=== Data shown ===

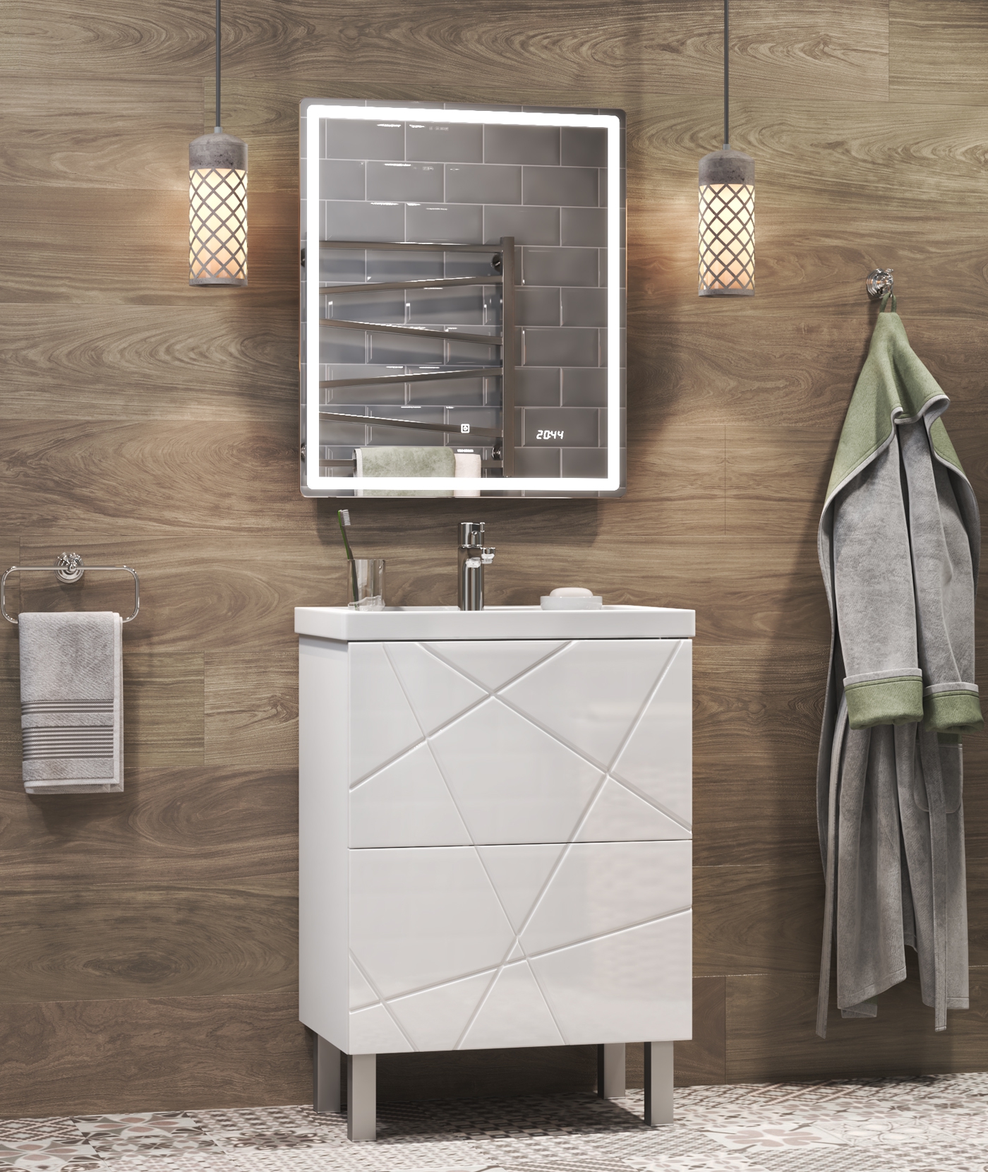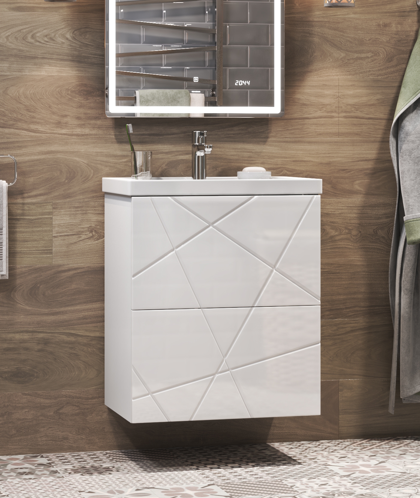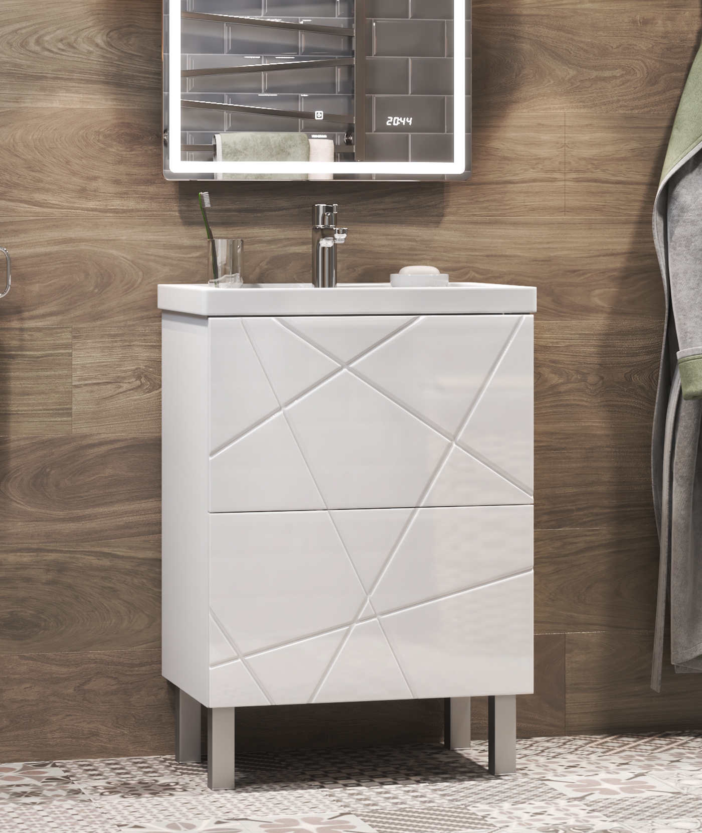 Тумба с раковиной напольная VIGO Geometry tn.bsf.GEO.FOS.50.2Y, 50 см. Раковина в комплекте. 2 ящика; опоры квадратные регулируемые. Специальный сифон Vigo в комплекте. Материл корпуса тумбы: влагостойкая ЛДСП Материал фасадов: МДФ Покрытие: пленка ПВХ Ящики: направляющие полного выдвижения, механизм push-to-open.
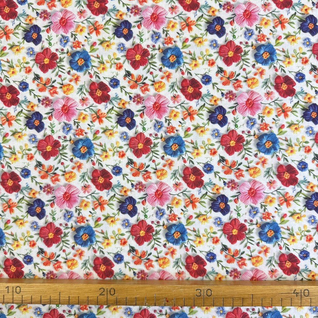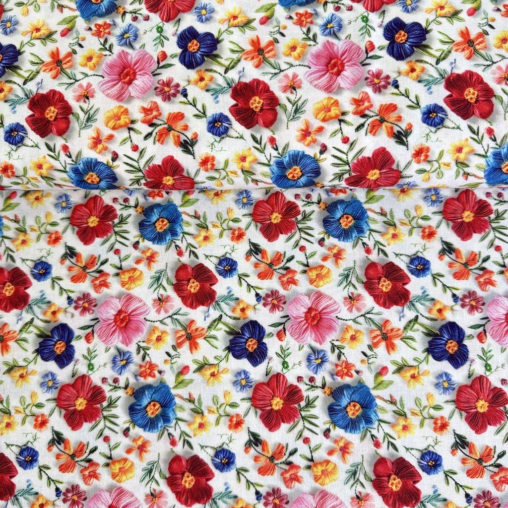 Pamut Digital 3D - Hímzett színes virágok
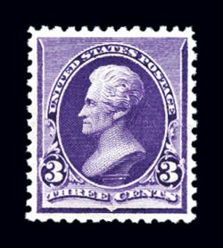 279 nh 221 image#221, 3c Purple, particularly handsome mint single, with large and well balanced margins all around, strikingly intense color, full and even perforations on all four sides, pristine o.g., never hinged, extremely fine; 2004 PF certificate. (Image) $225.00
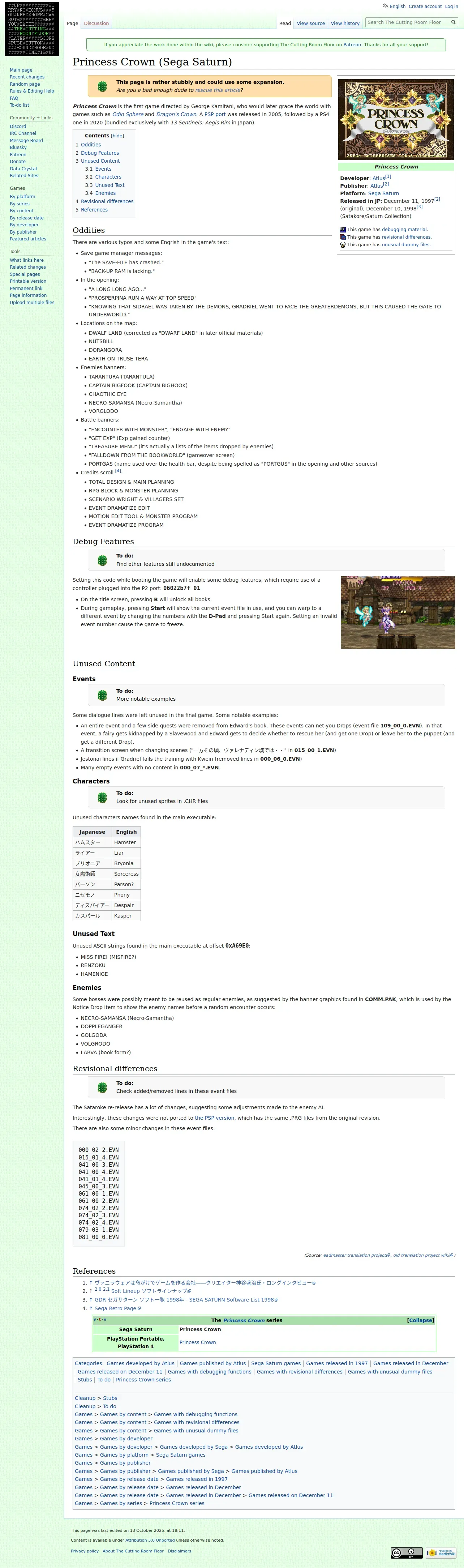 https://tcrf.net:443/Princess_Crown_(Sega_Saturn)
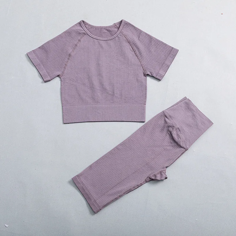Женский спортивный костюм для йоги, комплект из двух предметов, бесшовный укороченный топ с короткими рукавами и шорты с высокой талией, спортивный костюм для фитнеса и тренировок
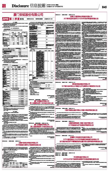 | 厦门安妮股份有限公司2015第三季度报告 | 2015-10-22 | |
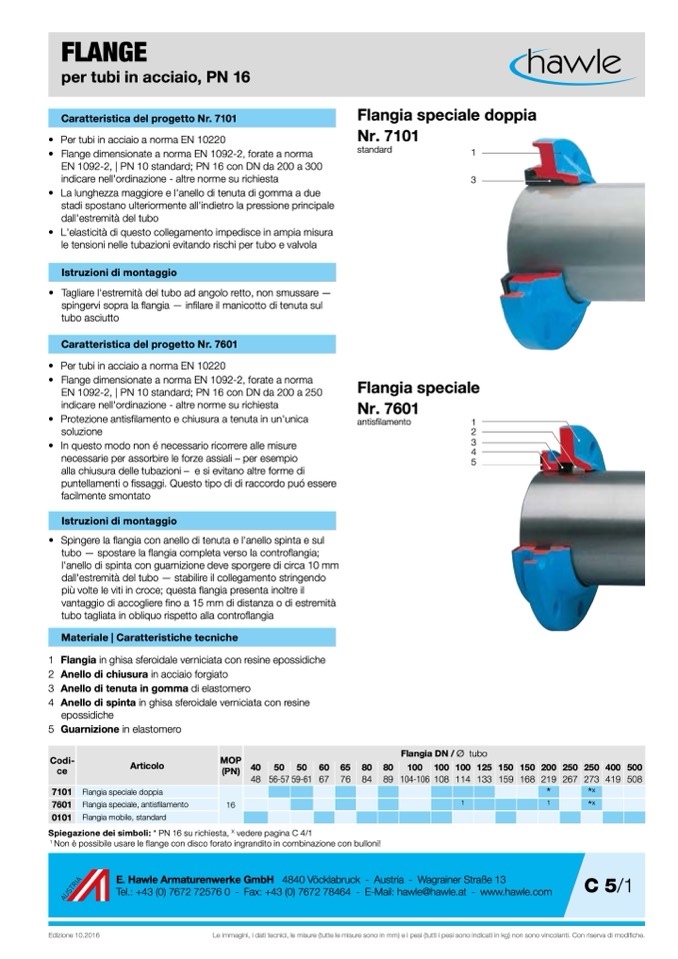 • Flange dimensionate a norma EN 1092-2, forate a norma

---

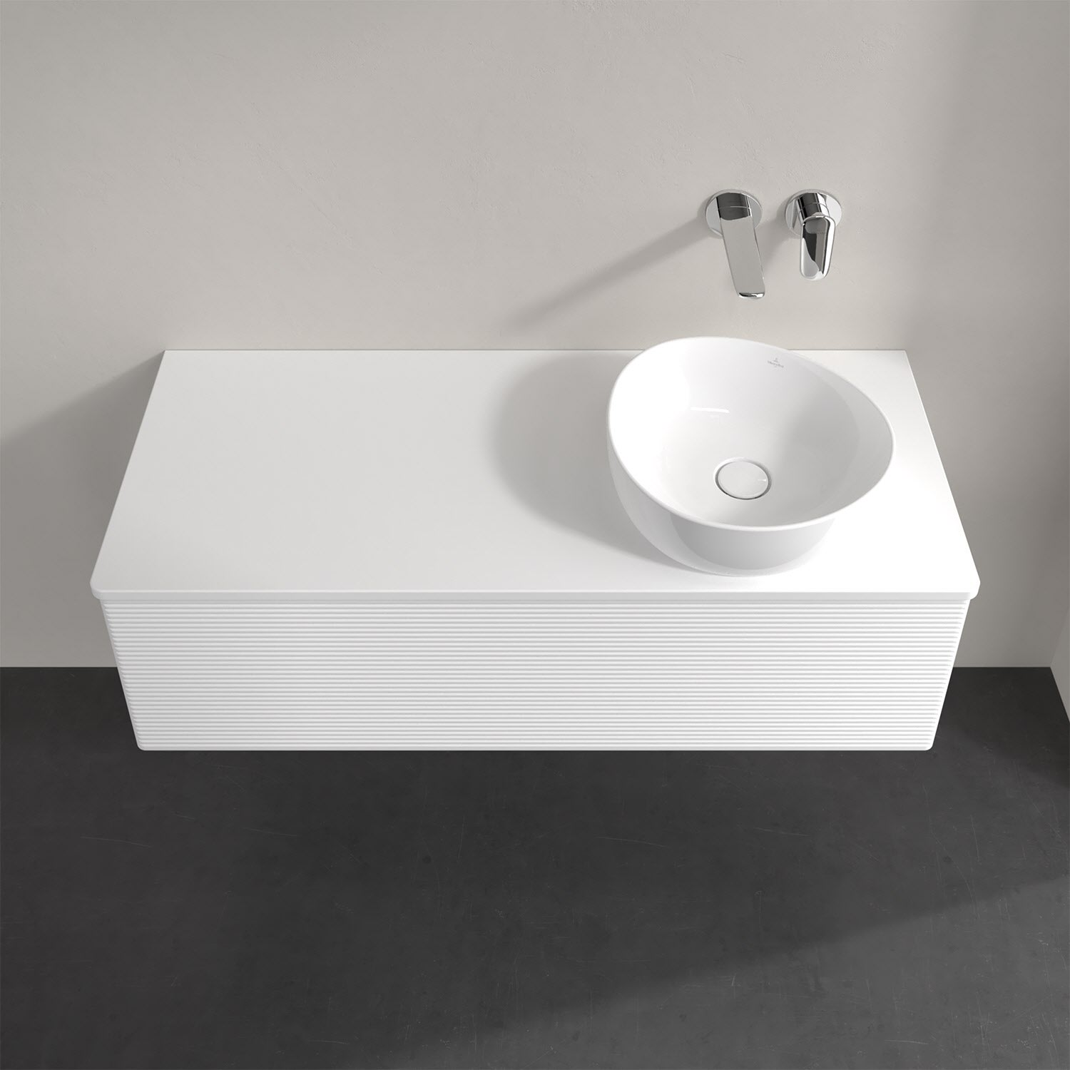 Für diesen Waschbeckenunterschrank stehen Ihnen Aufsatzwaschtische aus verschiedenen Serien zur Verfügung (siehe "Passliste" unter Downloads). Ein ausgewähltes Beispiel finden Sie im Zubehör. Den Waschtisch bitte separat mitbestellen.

==

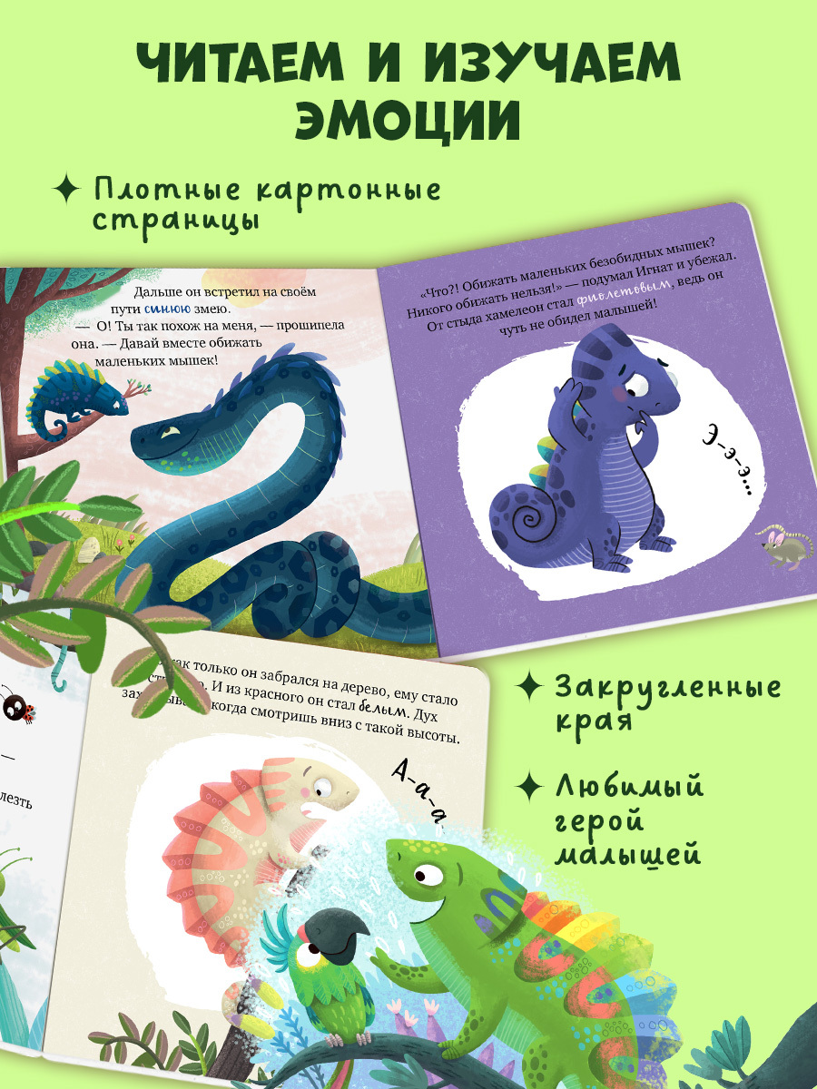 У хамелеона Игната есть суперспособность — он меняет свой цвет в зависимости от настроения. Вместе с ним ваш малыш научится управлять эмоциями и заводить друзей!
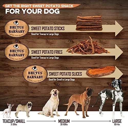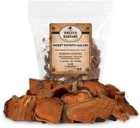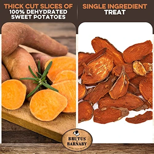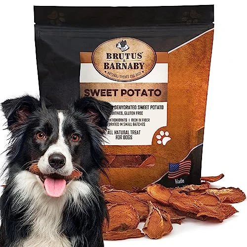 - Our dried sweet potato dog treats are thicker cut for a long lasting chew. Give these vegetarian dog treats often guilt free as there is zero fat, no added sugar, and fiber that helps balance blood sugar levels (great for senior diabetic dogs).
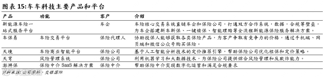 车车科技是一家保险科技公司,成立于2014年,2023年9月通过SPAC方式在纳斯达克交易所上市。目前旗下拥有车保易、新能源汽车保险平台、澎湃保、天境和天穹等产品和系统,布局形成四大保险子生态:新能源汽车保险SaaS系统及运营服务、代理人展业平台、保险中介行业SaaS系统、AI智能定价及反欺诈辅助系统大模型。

=== Exercise prompt ===
What you return from the records above should be exactly everything from the line with "Тумба с раковиной" down to the line with "forate a norma", both kept, and no pictures.

=== Result ===
 Тумба с раковиной напольная VIGO Geometry tn.bsf.GEO.FOS.50.2Y, 50 см. Раковина в комплекте. 2 ящика; опоры квадратные регулируемые. Специальный сифон Vigo в комплекте. Материл корпуса тумбы: влагостойкая ЛДСП Материал фасадов: МДФ Покрытие: пленка ПВХ Ящики: направляющие полного выдвижения, механизм push-to-open.
 Pamut Digital 3D - Hímzett színes virágok
 279 nh 221 image#221, 3c Purple, particularly handsome mint single, with large and well balanced margins all around, strikingly intense color, full and even perforations on all four sides, pristine o.g., never hinged, extremely fine; 2004 PF certificate. (Image) $225.00
 https://tcrf.net:443/Princess_Crown_(Sega_Saturn)
Женский спортивный костюм для йоги, комплект из двух предметов, бесшовный укороченный топ с короткими рукавами и шорты с высокой талией, спортивный костюм для фитнеса и тренировок
 | 厦门安妮股份有限公司2015第三季度报告 | 2015-10-22 | |
 • Flange dimensionate a norma EN 1092-2, forate a norma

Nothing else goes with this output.